Professor, Department of Medicine
Adjunct Professor, Departments of Bioengineering and Computer Science
UC San Diego
Director, ARPA-H ADAPT, Dynamic Digital Tumors for Precision Oncology Project
Director, Bridge2AI Cell Maps for AI (CM4AI) Data Generation Project
Co-Director, Cancer Cell Map Initiative (CCMI)
Email: tideker@ucsd.edu
Assistant: idekeradmin@ucsd.edu
Trey Ideker, PhD, has served as a faculty member at UC San Diego since 2003, with current appointments in the Departments of Medicine, Bioengineering, and Computer Science and Engineering. Additionally, he holds leadership positions as Director or Co-Director of several federally-funded research centers, including the Cancer Cell Map Initiative, the Bridge2AI Functional Genomics Data Generation Program, and, most recently, an ARPA-H ADAPT Precision Oncology Center.
Ideker received BS and MEng degrees in Computer Science from MIT and a PhD in Genome Sciences from the University of Washington under Drs. Lee Hood and Dick Karp. He was then a David Baltimore Fellow at the Whitehead Institute before joining the UCSD faculty in 2003. He was named a Top 10 Innovator by Technology Review, received the 2009 ICSB Overton Prize, and is a Fellow of the AAAS, AIMBE and ISCB organizations. Ideker previously served as a member of the Board of Scientific Advisors to the NIH National Cancer Institute and National Human Genome Research Institute. He also serves on the editorial boards of Cell, Cell Systems, PLoS Computational Biology, and Molecular Systems Biology. Since 2020 he has been named a Web of Science Highly Cited Researcher (top 1% by citations). Ideker has published >280 scientific articles to date, which have been cited a total of >119,000 times with a current h-index of 111.
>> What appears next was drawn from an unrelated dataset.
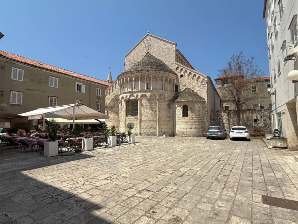 The apartment with a total area of 79 m is located in the very heart of Zadar, in an attractive location within the historic core of the Zadar peninsula. It is located on the second floor of a small residential building and is characterized by a functional layout that can be further played with.

The Ideker laboratory has led seminal studies establishing the theory and practice of systems biology, including systematic techniques for elucidating human cell architecture and its molecular networks. From 2001–present, his laboratory has produced numerous maps of protein-protein, transcriptional, and genetic networks in model organisms and humans (in collaboration with trainees and co-investigators), along with widely used Cytoscape network analysis software (with Gary Bader and others). His studies created methodologies that are now core concepts in bioinformatics, including generation of transcriptional networks to explain genome-wide expression patterns (with Leroy Hood), network alignment and evolutionary comparison (with Richard Karp and Roded Sharan), and network biomarkers, which enable multigenic definitions of patient subtypes and treatment responses. We also introduced experimental mapping techniques, including synthetic-lethal interaction mapping with CRISPR/Cas9 (with Prashant Mali) and characterization of differential interactions across conditions and time (with Nevan Krogan). These technologies have broadly informed the mechanisms by which diverse genetic alterations drive cancer, neurological disorders, and drug resistance. Recently we demonstrated an end-to-end pipeline for mapping the structure of human cells over a broad scale range, based on fusion of protein networks with immunofluorescence imaging (with Emma Lundberg and Steve Gygi). Ideker has also recently shown that network maps provide a substrate for deep learning models of cell structure and function, with basic implications for the construction of intelligent systems in precision oncology (with Jianzhu Ma and co-investigators). Finally, Ideker and collaborators showed that large parts of the methylome are remodeled with age, leading to the first epigenetic clock and the rapidly expanding field of epigenetic aging.